The piece “Alarms and Excursions” by Rosemarie Waldrop has a defined audience of those interested in the purposes and effects of poetry on our society today. I think it is important to look at the second thesis, “it can make the culture aware of itself, and unveil hidden structures. It questions, resists”(Waldrop 215). Within this section the author’s purpose is reviled. The information the author presents within this section aids in supporting her thesis. She proceeds to examine the role poetry has played in our social and historical lives. One important source she uses is the work of Edmond Jabes to support her thesis and further it to a clear and concise understanding.

One excerpt of Edmond Jabes that Waldrop quotes is extremely useful in the defining of the terms. “Did I already know that opening and closing my eyes, lying down, moving, shrinking, dreaming, talking, being silent, writing and reading are all gestures and manifestations of subversion”(Waldrop 215)? This an important input on the behalf of Waldrop because it indicates a stream of consciousness between the author and the audience. One tactic the Waldrop uses is her ability for us to see poetry as something that is attainable. “Poetry has social relevance. It is not just an ornament or just private, an expression of personal emotions”(Waldrop 215). It is within this excerpt that we see poetry has a form of expression and not something that we should keep to ourselves.

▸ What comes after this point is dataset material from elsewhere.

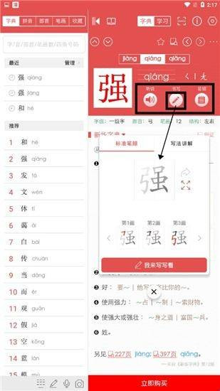 3、点击听说、书写、易错按钮会有小卡片详细讲解。

Through this Waldrop is clearly defining terms of an audience of poetry. We are often conflicted with the fact that poetry must be something ornate that only few can reach it. Waldrop addresses these concerns in this piece by defining poetry as an outlet for emotions, a way of expression something that everyone is capable of. In many ways this information is useful to the audience in breaking down the barrier one often feels towards poetry and providing information for the audience to become poets themselves.

The format of this essay by Waldrop is one that is very unique for the average reader, the authors collaboration of poetry intermixed with academic disciplines is extremely successful in portraying poetry has a living art and not one of the past. I believe that the thesis I have stated above is so powerful and important because it transcends the way we see poetry today, illustrating the power of poetry in our society. The author is able to do this by incorporating modern day examples or problems with in her essay. She deems poetry as a social function, just as does society, “writing becomes action through this unveiling”(Waldrop 215).

In sum the work of Waldrop in this essay puts poetry on par with what we are able to achieve. We can attain it, understand it, and enjoy it when we see it as a personal expression of emotion, feelings and echoes of society. Poetry can become a verb when it is unveiled. Waldrop’s use of speaking to the audience in the format of a conversation is extremely important in defining her purpose of writing the piece. We need to see poetry as a living being rather then an art of the past.